The future of Southeast Asia is digital, diverse and still waiting to be written, according to Gladys Chun, General Counsel at Lazada, Alibaba Group’s flagship e-commerce platform for the region.
The Singapore-based lawyer, who joined Lazada in 2014, is responsible for legal and compliance matters across the countries where the company has a presence.
“In my role, the opportunities to participate and make a difference in shaping the development of laws and regulations on e-commerce in Southeast Asia are a legacy for my future generations,” said Chun told Alizila.
She was there as Lazada grew from a startup to a multinational e-commerce platform.

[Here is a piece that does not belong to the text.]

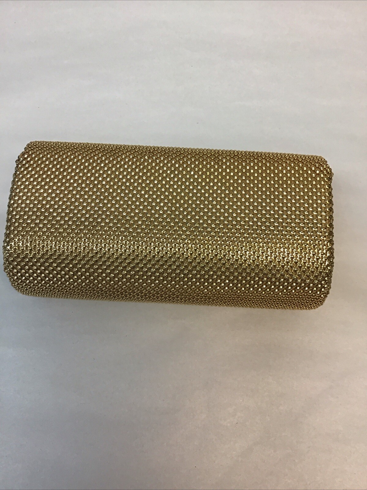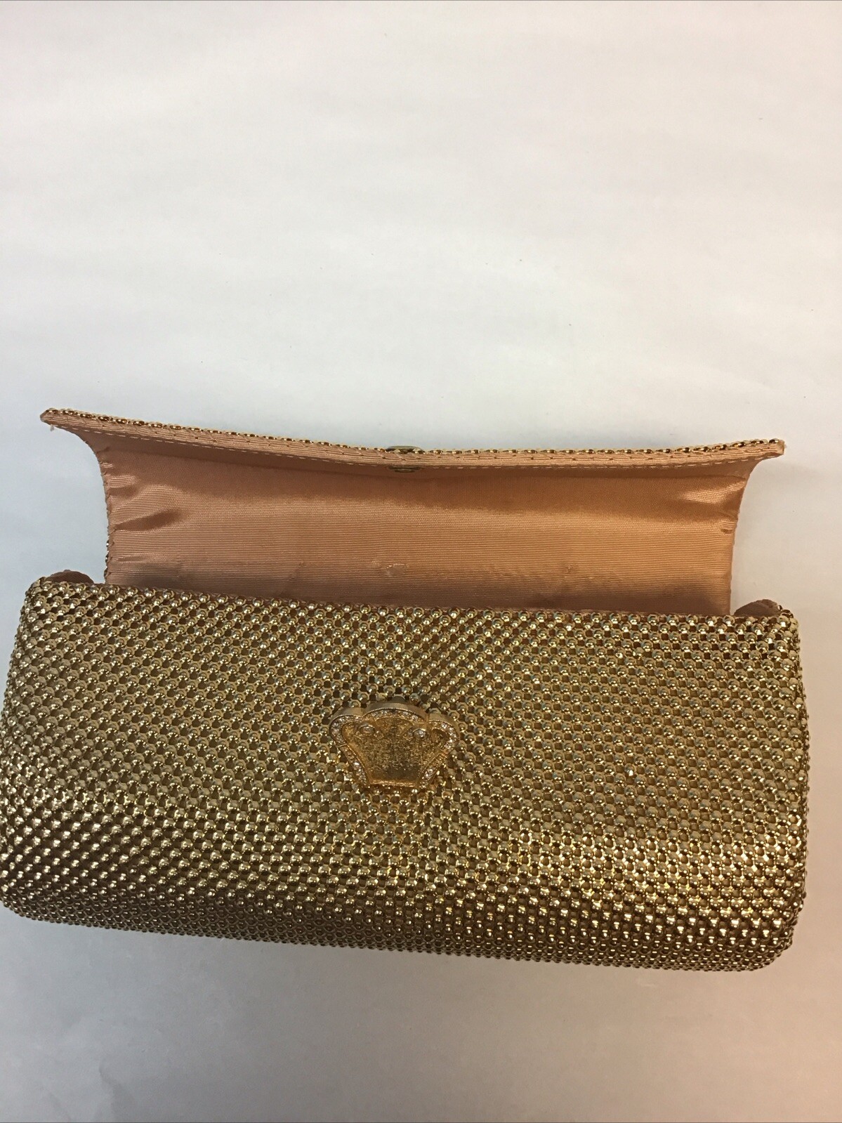 как выглядит Vintage Whiting And Davis Cream/Gold Accent Mesh Clutch фото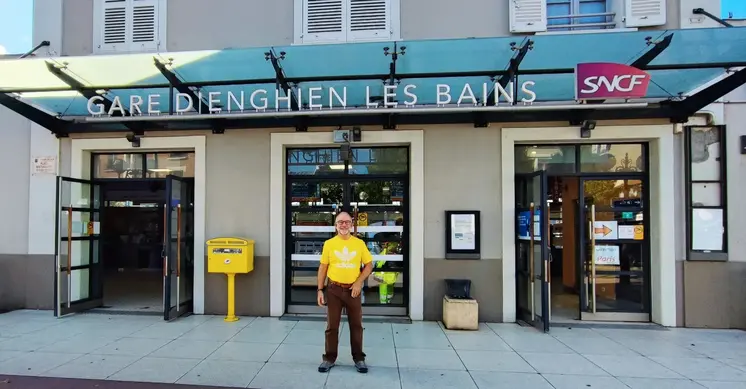10 short minutes by train from Paris Gare du Nord platform 34 or 35, train ticket 2.5 from anywhre in Paris or around, Enghien les Bains is part of Grand Paris and the only city owning a casino and a lake. Enghien is a small city with an original architecture.

With a background in corporate and commercial law but two feet firmly planted in the e-commerce and technology industries, Chun is somewhat of a maverick herself.
“Being the leader of a new breed of lawyers at one of the region’s leading e-commerce platforms puts me at the forefront of navigating new and increasingly complex laws governing the technology space,” she explained.
But even a disruptor can be disrupted, and the coronavirus pandemic put Chun’s legal team to the test.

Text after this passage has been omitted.